22 Aralık 2024
Türbeler

AHİ ŞERAFETTİN TÜRBESİ – SAMANPAZARI – ALTINDAĞ – ANKARA

Türbe, Aslanhane Mahallesinde aynı isimdeki caminin karşısında yer alır. Yapılış tarihi 1350 olup, türbenin güney penceresi üzerinde Arapça bir kitabe vardır.
Arapça kitâbesine göre 731’de (1330-31) Ahî Hüsâmeddin için yapılmıştır. İçindeki yedi kabirden biri onun, bir diğeri 751’de (1350-51) vefat eden oğlu Ahî Şerafeddin Mehmed’indir. Ayrıca burada Ahî Şerafeddin’in kızı Devlet Hatun (ö. 763/1361-62) ile Ahî Hüseyin’in kızı Ayşe Hatun’un (ö. 833/1430) sandukaları da bulunmaktadır. Diğer üç sandukanın ise Ahî Hüsâmeddin’in soyundan gelen kimselere ait olduğu tahmin edilmektedir.
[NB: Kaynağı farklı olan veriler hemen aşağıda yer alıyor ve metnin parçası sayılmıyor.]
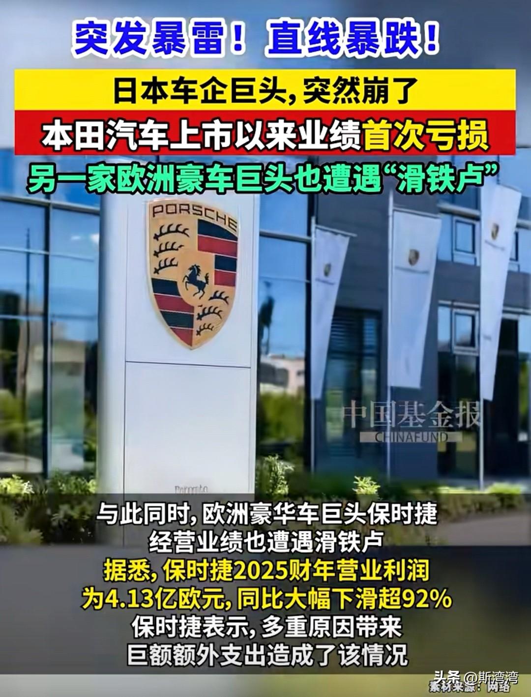 日本本田汽车暴雷,欧洲豪车巨头保时捷也遭遇滑铁卢!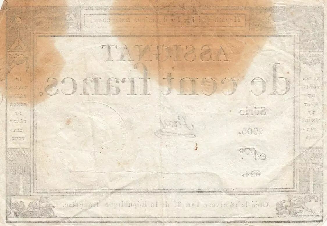 Banknote France 100 Francs - 18 Nivose An III - (07.01.1795) - Sign. Saxy - Serial 2906
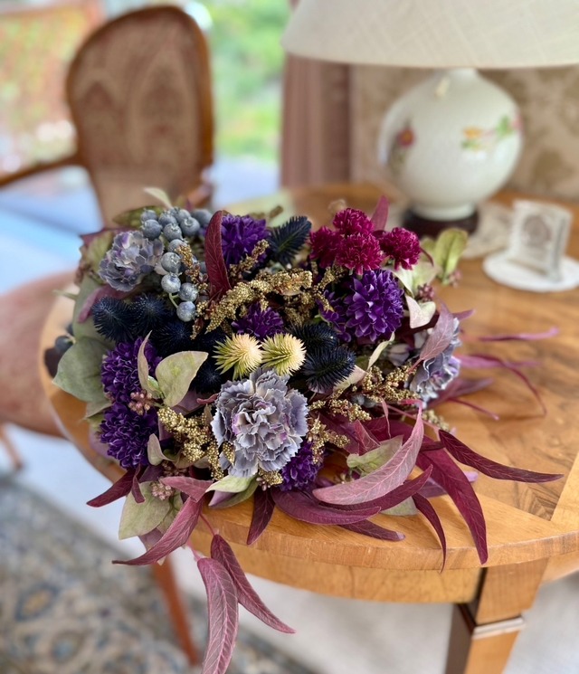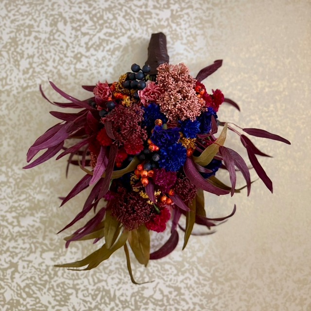 Size w30×h35cm (花器は非売品です) 花材 ボルドーユーカリ ボルドーツイッグリーフ レーヴカーネーション ブルーミーマム ミニョンスプレーマム ニュアンスエリンジウム カラードベリー等 ◉ご購入の際の注意点 ・ひとつひとつ丁寧に制作しておりますが、 ハンドメイド作品でありますことをご理解の上 ご購入いただけますと幸いです。 ・アーティフィシャルフラワーは 生花をリアルに美しく再現して作られた、 繊細で上質な造花です。 ・直射日光に長時間当たりますと 変色する場合がございます。 また、風雨にさらされる場所での ご使用はお控えください。 ・お花の色や質感など、写真と実物が多少違って 見える場合がございます。 ・梱包には十分気を付けておりますが、配送中に 花材が取れてしまうことがございます。 その際は恐れ入りますが、お客様お手持ちの 接着剤(ボンドやグルーガン等)で 止めていただけますと幸いです。 ・他店でも販売しておりますので、 売り切れの際はご容赦くださいませ。 ◉キャンセル・返品について ・ご注文後のキャンセルやイメージの違いなど、 お客様のご都合による返品や返金、 交換などの対応はお断りしております。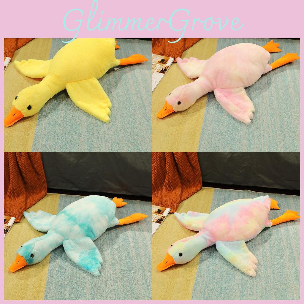 Available in a stunning array of vibrant tie-dye colors, including cheerful yellow, blush pink, serene blue, rainbow hues, earthy brown, soft gray, and classic white.At a height of 45cm, this cuddly companion is just the right size for a cozy cuddle or as a decorative pillow on your bed or sofa.Crafted from high-quality short plush material and filled with soft PP cotton, this goose is not only incredibly huggable but also durable enough to withstand endless playtime and snuggles.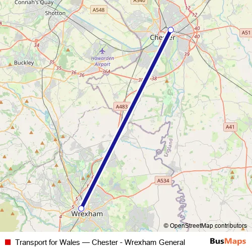 The first stop of the Transport for Wales rail route is Chester and the last stop is Wrexham General. Transport for Wales (Chester - Wrexham General) is operational during everyday.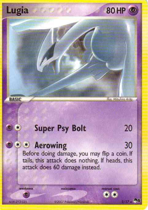 | Type | Psychic | | Pokemon serie | OP Series 5 | | Stadie | Basic | | HP | 80 | | Sjældenhed | Rare | | Tilbagetrækning | 2 | | Svaghed | P | | Kortnummer | 2 | | Evne | [CP] Super Psy Bolt (20) [CCP] Aerowing (30) Before doing damage, you may flip a coin. If tails, this attack does nothing. If heads, this attack does 60 damage instead.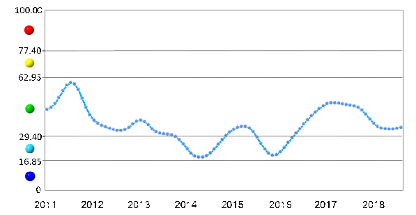 中色铝冶炼产业月度景气指数显示,2018年以来,景气指数始终处于“正常”区间下部调整,继7月份以来,连续第二个月小幅回升,8月份景气指数为34.9,环比回升0.6点。中色铝冶炼产业月度景气指数走势见图1。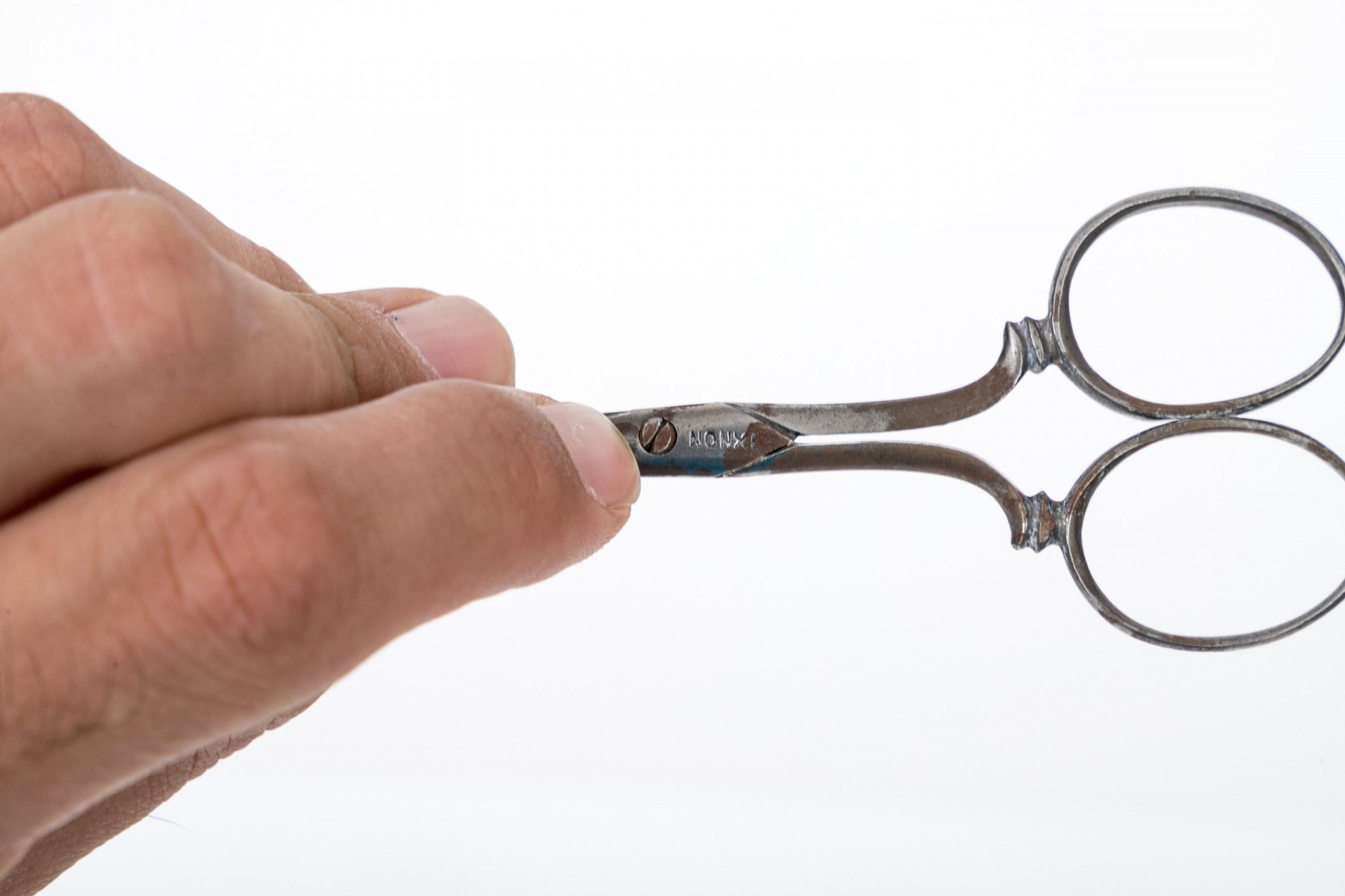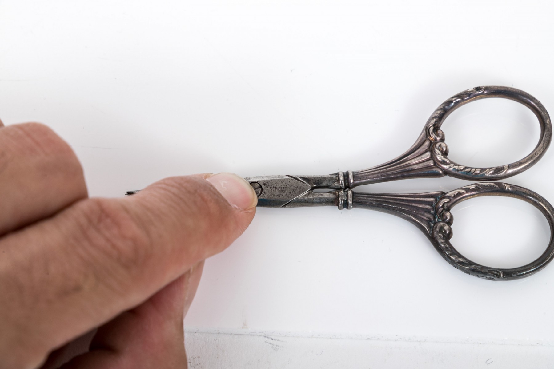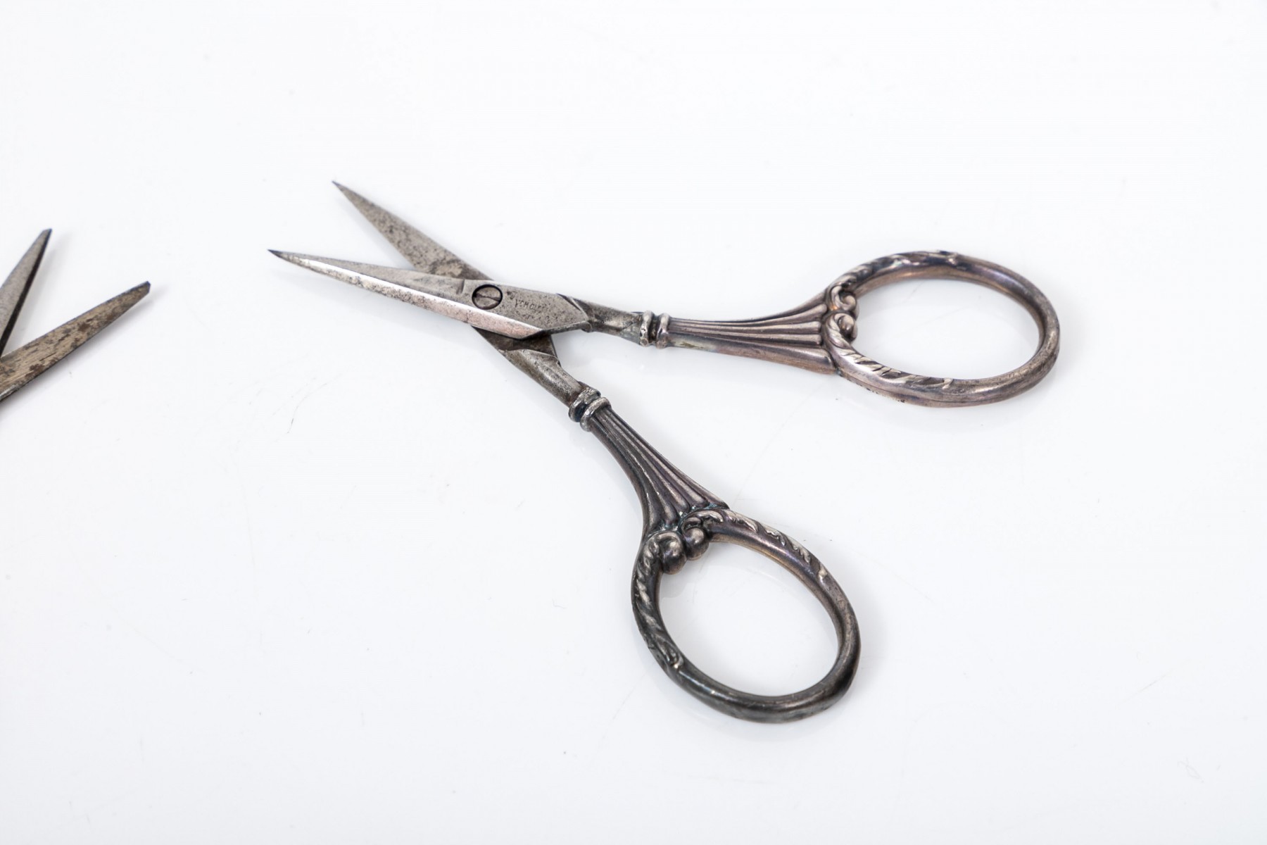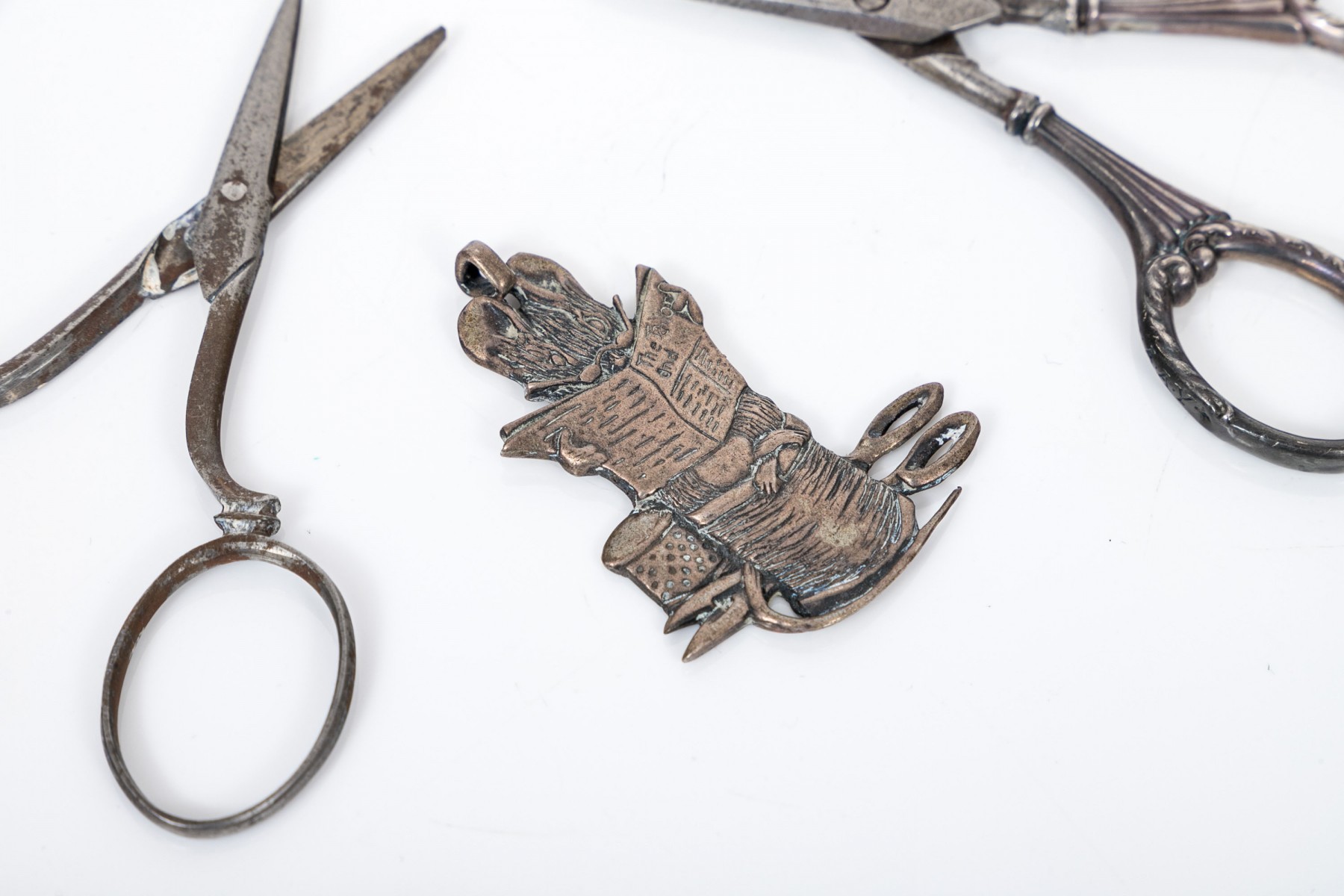 Lot of antique sewing items including a sterling thread cutter and two pairs of sewing scissors

Ahî Şerafeddin Türbesi sekizgen bir plana göre yapılmış olup alt kısmı karedir. Üstünü dıştan sekiz, içten on altı dilimli kâgir bir sivri külâh örter. Böylece kareden on altıya geçiş, ustalıklı bir biçimde tromplar, köşe üçgenleri ve ufak nişlerin yardımıyla sağlanmıştır. Türbe değişik ölçülerde ve cinslerde devşirme taşlardan yapılmıştır. İçerisindeki yedi sandukadan bir tanesi alçı kabartmalarla süslüdür ve Ahî Hüsâmeddin’e aittir. Sahibi belli olmayan diğer bir sanduka da yine alçı tezyinatlı olup üzerine kelime-i tevhid işlenmiştir. İki sanduka ise altıgen mavi renkte çinilerle kaplanmıştır. Devlet ve Ayşe hatunların sandukaları mermerdendir.
Ahî Şerafeddin’e ait kabrin ise bugün sadece sanduka eteği yerinde durmaktadır. 1933’te Ankara Etnografya Müzesi’ne götürülmüş olan ceviz ağacı sanduka üzerinde ölünün adından başka, Âyetü’l-kürsî ve başka âyetler yazılıdır; ayrıca zengin bir oyma süsleme de görülür. Türk ağaç işçiliğinin en güzel eserlerinden olan ve tabut biçiminde bir sanduka ile altı kare, üstü çokgen sivri külâhlı küçük bir türbeye benzer başlık kısmından meydana gelen bu sandukanın Nakkaş Abdullah b. Mahmud tarafından yapıldığı kitâbesinde belirtilmiştir. Ahî Şerafeddin Türbesi ve ona ait sanduka, Ankara’nın Selçuklu devrine ait en başta gelen tarih ve sanat âbidelerindendir. Evvelce etrafında yer alan ve içinde pek çok eski mezar taşı bulunan hazîre bozulmuş, taşlar başka yerlere taşınmıştır. Yalnız bunlardan, 781’de (1379-80) vefat eden Ali Hüsâmeddin Hüseyin b. Yûsuf’un mezar taşı kalmıştır.